The data
------------------------

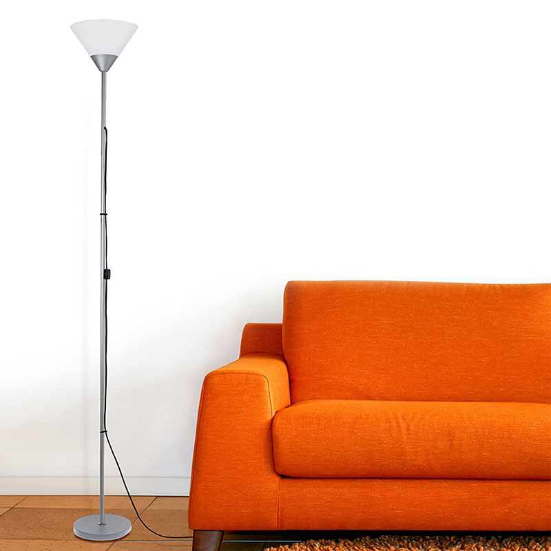 Fabricado com materiais de alta qualidade, o Candeeiro de pé LED versátil apresenta uma estrutura metálica resistente e um abajur de plástico durável. O seu design minimalista garante que se adapta perfeitamente a qualquer decoração de interiores, seja moderna, tradicional ou eclética. A estrutura de haste única da lâmpada proporciona estabilidade e uma estética limpa, enquanto a sombra cônica direciona a luz para cima, criando um ambiente aconchegante.
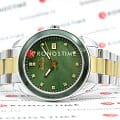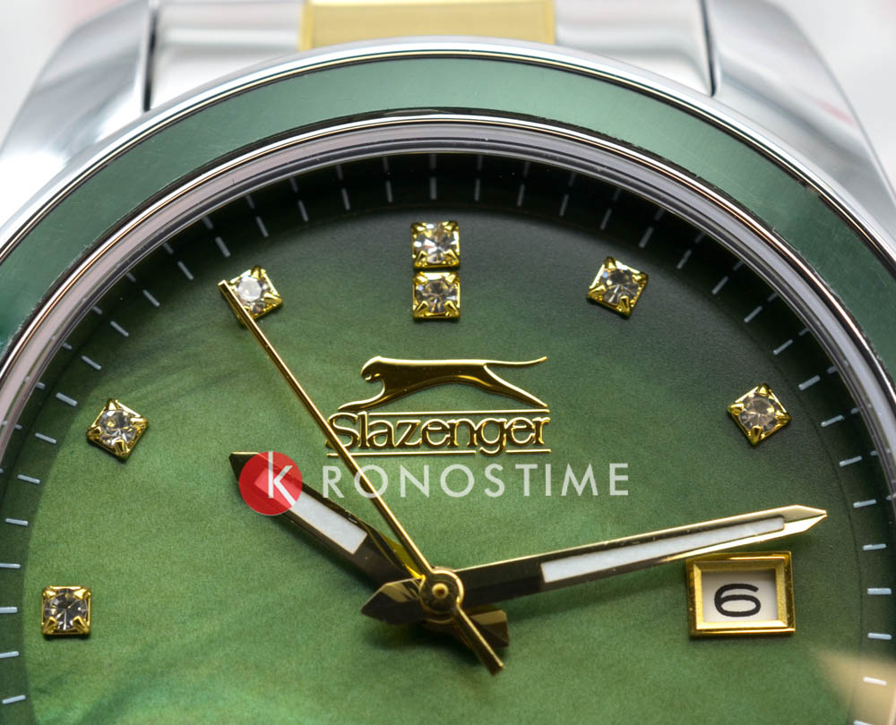 Женские наручные часы Slazenger SL.09.2142.3.03 сочетают в себе элегантный дизайн и надежность современных технологий. Модель обладает корпусом размерами 37 мм, изготовленным из суперметалла, что обеспечивает высокую устойчивость к внешним воздействиям. БезельБезельВнешний ободок, закрепляющий стекло. В спортивных часах так называется поворотное кольцо с делениями на циферблате, выполняет роль таймера – замеряет отрезки времени на шкале. Неподвижный безель – элемент декора. Однонаправленно вращающийся безель на дайверских часах позволяет фиксировать моменты погружения и выныривания на поверхность. с IP-покрытиемIP-покрытиеМетод ионного напыления. Демонстрирует повышенную устойчивость к истиранию, окислению и химическим веществам. Под воздействием высокого давления и температуры около 1500°C молекулы металла надёжно соединяются с частицами корпуса часов.. Браслет из суперметалла с частичным IP-покрытиемIP-покрытиеМетод ионного напыления. Демонстрирует повышенную устойчивость к истиранию, окислению и химическим веществам. Под воздействием высокого давления и температуры около 1500°C молекулы металла надёжно соединяются с частицами корпуса часов. гарантирует комфортное ношение и стильный внешний вид. Циферблат зеленого цвета декорирован кристаллами в виде меток. Для защиты используется минеральное стеклоМинеральное стеклоМинеральное стекло представляет собой искусственно выращенный минерал кварца. Такое стекло отличается особой устойчивостью к повреждениям и царапинам. Уступает по некоторым качествам сапфировому стеклу., обеспечивающее прочную защиту от царапин. Часы работают на кварцевом механизме, поэтому гарантирует точное время без необходимости подзаводки. Модель также оснащена функцией отображения даты, делая ее практичной для повседневного использования. Водонепроницаемость часов достигает 3 атмосфер, что позволяет использовать их при мытье рук или хождении под мелким дождем, однако не рекомендуется для плавания или других водных видов спорта. Вес модели составляет 97 грамм.
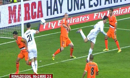 โดยลูกยิงสุดอาร์ทของ คริสเตียโน่ โรนัลโด้ เกิดขึ้นในเกมที่ เรอัล มาดริด เปิดบ้านเสมอกับ บาเลนเซีย 2-2 เมื่อ วันอาทิตย์ที่ 4 พฤษภาคม ที่ผ่านมา
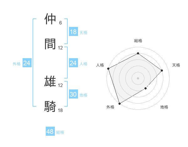 仲間 雄騎さんを姓名の画数から五運を鑑定

------------------------

Activity
Restate every line above exactly, omitting images.

Solution to the exercise
 Fabricado com materiais de alta qualidade, o Candeeiro de pé LED versátil apresenta uma estrutura metálica resistente e um abajur de plástico durável. O seu design minimalista garante que se adapta perfeitamente a qualquer decoração de interiores, seja moderna, tradicional ou eclética. A estrutura de haste única da lâmpada proporciona estabilidade e uma estética limpa, enquanto a sombra cônica direciona a luz para cima, criando um ambiente aconchegante.
 Женские наручные часы Slazenger SL.09.2142.3.03 сочетают в себе элегантный дизайн и надежность современных технологий. Модель обладает корпусом размерами 37 мм, изготовленным из суперметалла, что обеспечивает высокую устойчивость к внешним воздействиям. БезельБезельВнешний ободок, закрепляющий стекло. В спортивных часах так называется поворотное кольцо с делениями на циферблате, выполняет роль таймера – замеряет отрезки времени на шкале. Неподвижный безель – элемент декора. Однонаправленно вращающийся безель на дайверских часах позволяет фиксировать моменты погружения и выныривания на поверхность. с IP-покрытиемIP-покрытиеМетод ионного напыления. Демонстрирует повышенную устойчивость к истиранию, окислению и химическим веществам. Под воздействием высокого давления и температуры около 1500°C молекулы металла надёжно соединяются с частицами корпуса часов.. Браслет из суперметалла с частичным IP-покрытиемIP-покрытиеМетод ионного напыления. Демонстрирует повышенную устойчивость к истиранию, окислению и химическим веществам. Под воздействием высокого давления и температуры около 1500°C молекулы металла надёжно соединяются с частицами корпуса часов. гарантирует комфортное ношение и стильный внешний вид. Циферблат зеленого цвета декорирован кристаллами в виде меток. Для защиты используется минеральное стеклоМинеральное стеклоМинеральное стекло представляет собой искусственно выращенный минерал кварца. Такое стекло отличается особой устойчивостью к повреждениям и царапинам. Уступает по некоторым качествам сапфировому стеклу., обеспечивающее прочную защиту от царапин. Часы работают на кварцевом механизме, поэтому гарантирует точное время без необходимости подзаводки. Модель также оснащена функцией отображения даты, делая ее практичной для повседневного использования. Водонепроницаемость часов достигает 3 атмосфер, что позволяет использовать их при мытье рук или хождении под мелким дождем, однако не рекомендуется для плавания или других водных видов спорта. Вес модели составляет 97 грамм.
 โดยลูกยิงสุดอาร์ทของ คริสเตียโน่ โรนัลโด้ เกิดขึ้นในเกมที่ เรอัล มาดริด เปิดบ้านเสมอกับ บาเลนเซีย 2-2 เมื่อ วันอาทิตย์ที่ 4 พฤษภาคม ที่ผ่านมา
 仲間 雄騎さんを姓名の画数から五運を鑑定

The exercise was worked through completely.